The MAGPI Survey -- science goals, design, observing strategy, early results and theoretical framework
C. Foster, J. T. Mendel, C. D. P. Lagos, E. Wisnioski, T. Yuan, F., D'Eugenio, T. M. Barone, K. E. Harborne, S. P. Vaughan, F. Schulze, R.-S., Remus, A. Gupta, F. Collacchioni, D. J. Khim, P. Taylor, R. Bassett, S. M., Croom, R. M. McDermid, A. Poci, A. J. Battisti

TL;DR
MAGPI is a large ESO/VLT survey using adaptive optics integral field spectroscopy to study galaxy evolution at 0.25<z<0.35, providing detailed kinematic and chemical data to test and improve galaxy formation models.
Contribution
This paper introduces the MAGPI survey's design, goals, and early results, highlighting its role in constraining galaxy evolution theories through high-resolution observations.
Findings
Discrepancies between simulations and observed galaxy properties at z~0.3.

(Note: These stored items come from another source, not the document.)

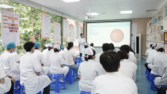 今年的6月6日是第29个全国“爱眼日”,为深入贯彻党的二十大精神,充分发挥党建引领作用,推动党建与业务相融合相促进,助力“百千万工程”高质量发展,普及全民健康用眼科学知识,提高人民群众爱眼、护眼意识,6月6日,蓬江区卫生健康局联合中山大学中山眼科中心,开展“党建领航、共筑睛彩”主题党日活动,特邀请该中心6名专家在江门市第二人民医院举行“全国爱眼日”公益义诊活动。
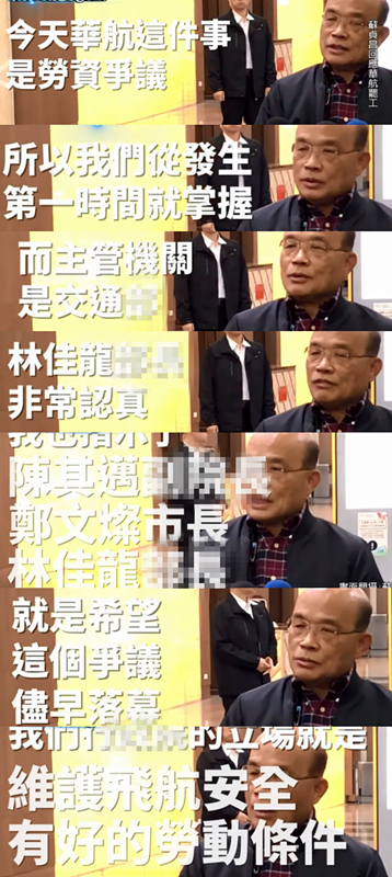 吳子嘉所說的“罷工”,指的是這幾天島內(nèi)最具熱度的“華航罷工”事件,在人流高峰期,華航機(jī)師就集體罷工,對消費(fèi)者和整個交通系統(tǒng)造成了極大沖擊。對于安檢這種小事都要親自來管的蘇貞昌,面對這樣的大事,豈不更要賣力氣?不,蘇貞昌不但沒有加戲,還把自己的戲份全部刪掉了。
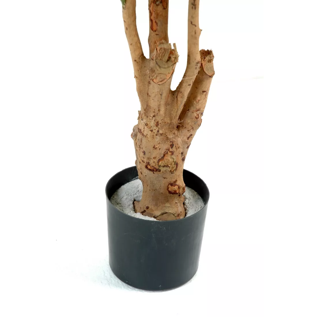 Ficus artificiel est composé de troncs en bois naturel et d'un feuillage en tergal, soit en vert (trois tons de vert) soit panaché (vert/crème), décliné en deux dimensions de 180 et 210 cm de hauteur. Livré dans un pot PVC (support de plantation) plantes artificielles
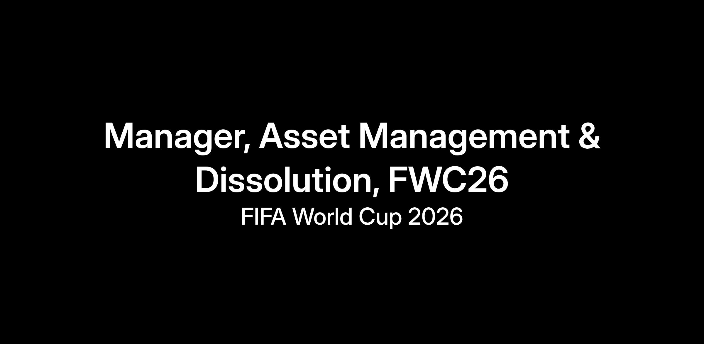 Manager, Asset Management & Dissolution, FWC26
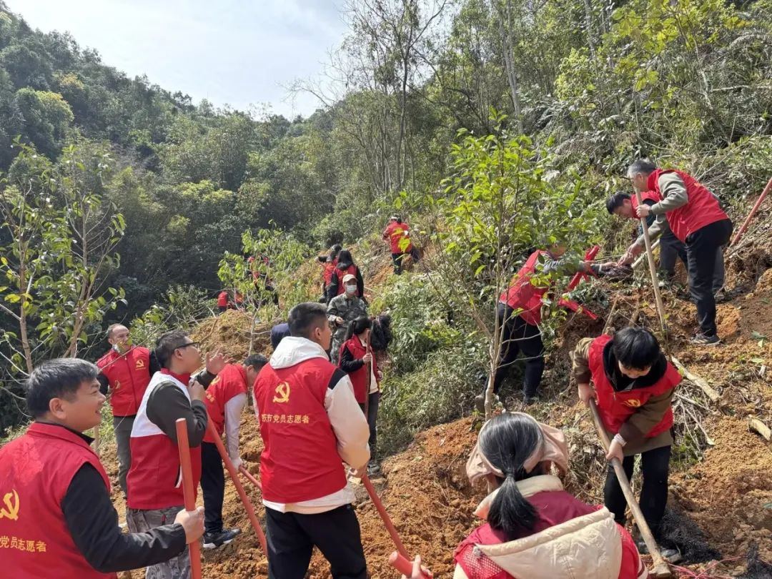 活動(dòng)上,王一民與陳彩喜共同為“風(fēng)華經(jīng)濟(jì)林”揭牌,標(biāo)志著這片兼具生態(tài)功能與經(jīng)濟(jì)價(jià)值的示范林區(qū)正式啟動(dòng)建設(shè)。近70名黨員干部熱情高漲投入到植樹(shù)活動(dòng)中,大家在林業(yè)技術(shù)人員的指導(dǎo)下,有序開(kāi)展培土固苗、澆水養(yǎng)護(hù)等工作,省道沿線呈現(xiàn)出一派火熱的“綠色會(huì)戰(zhàn)”場(chǎng)景。經(jīng)過(guò)協(xié)同作戰(zhàn),300多株鐵冬青、肉桂等優(yōu)質(zhì)樹(shù)苗錯(cuò)落扎根,為都平鎮(zhèn)勿乃村增添了一片生機(jī)勃勃的新綠。
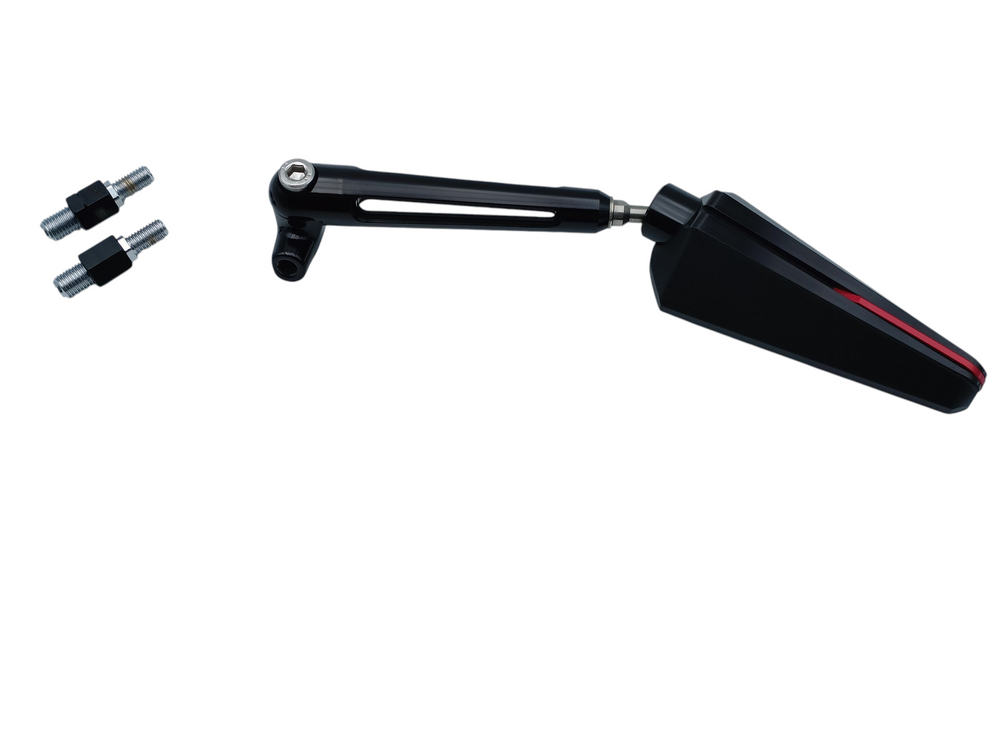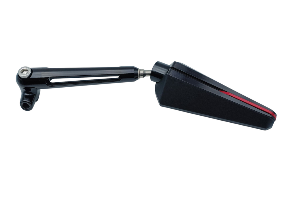 Rétroviseur Chaft universel réversible (droit ou gauche) en Aluminium modèle BRANDY noir et rouge, réglable, Ø10MM. Non homologué.
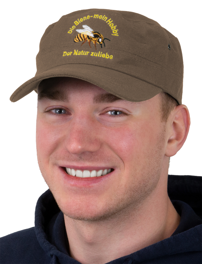 hochwertige Schirmmütze mit Bienenmotiv, Universalgröße mit Klettverschluss hinten oliv
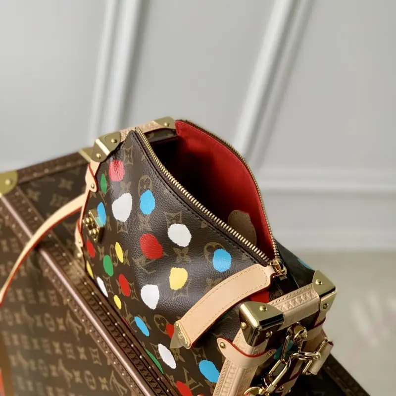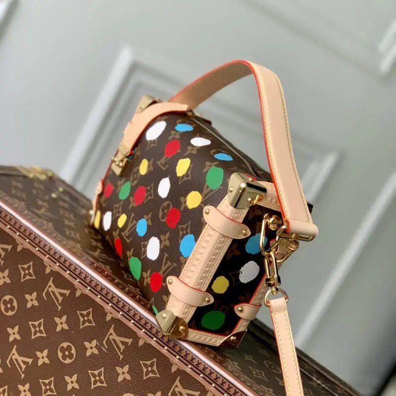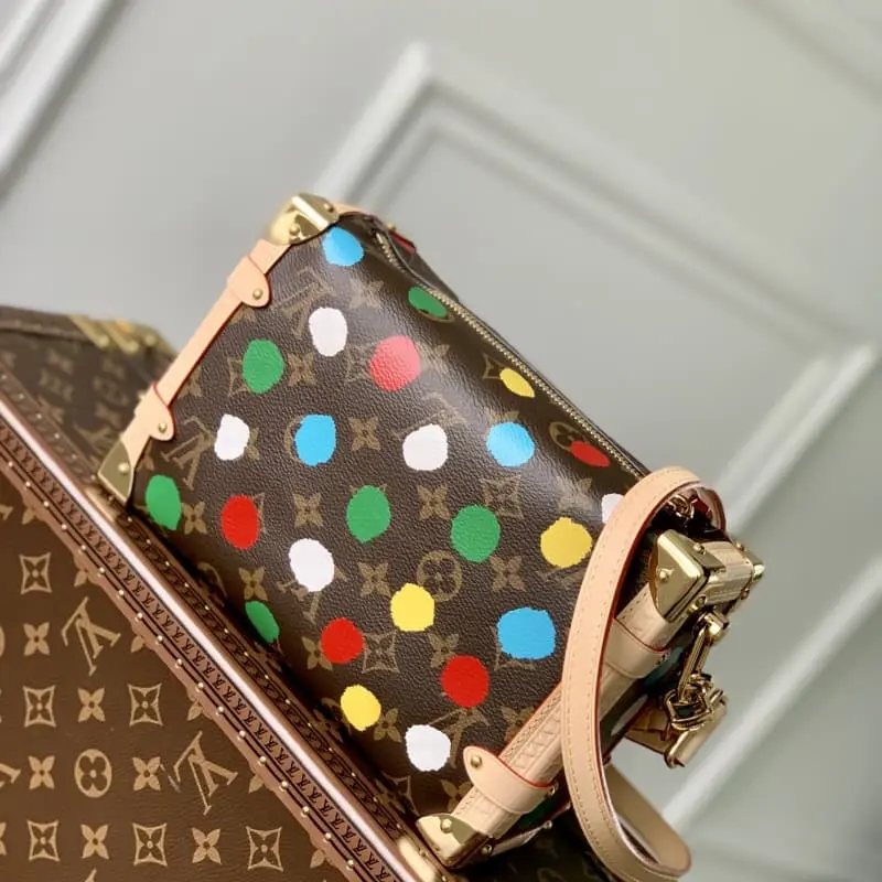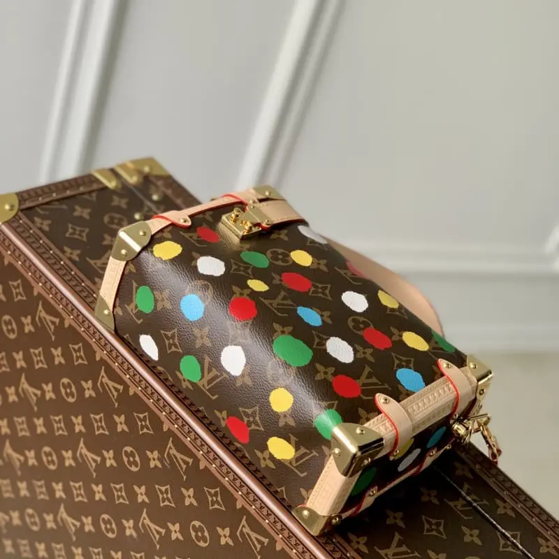 M46396 This LV x YK Side Trunk bag is part of the Lbag x Yayoi Kusama collaboration. The Japanese artist has been defining the forefront of art since the 1960s and has used psychedelic dots as a permanent theme in her paintings, sculptures and installations. This time, she has continued to use Monogram canvas to create a striking three-dimensional effect through silk-screening. 21 x 14 x 6 cm (length x height x width)

MAGPI's data will improve understanding of galaxy transformation processes.
First look at MAGPI data demonstrates its potential for galaxy evolution studies.
Abstract
We present an overview of the Middle Ages Galaxy Properties with Integral Field Spectroscopy (MAGPI) survey, a Large Program on ESO/VLT. MAGPI is designed to study the physical drivers of galaxy transformation at a lookback time of 3-4 Gyr, during which the dynamical, morphological, and chemical properties of galaxies are predicted to evolve significantly. The survey uses new medium-deep adaptive optics aided MUSE observations of fields selected from the GAMA survey, providing a wealth of publicly available ancillary multi-wavelength data. With these data, MAGPI will map the kinematic and chemical properties of stars and ionised gas for a sample of 60 massive (> 7 x 10^10 M_Sun) central galaxies at 0.25 < z <0.35 in a representative range of environments (isolated, groups and clusters). The spatial resolution delivered by MUSE with Ground Layer Adaptive Optics (GLAO, 0.6-0.8 arcsec…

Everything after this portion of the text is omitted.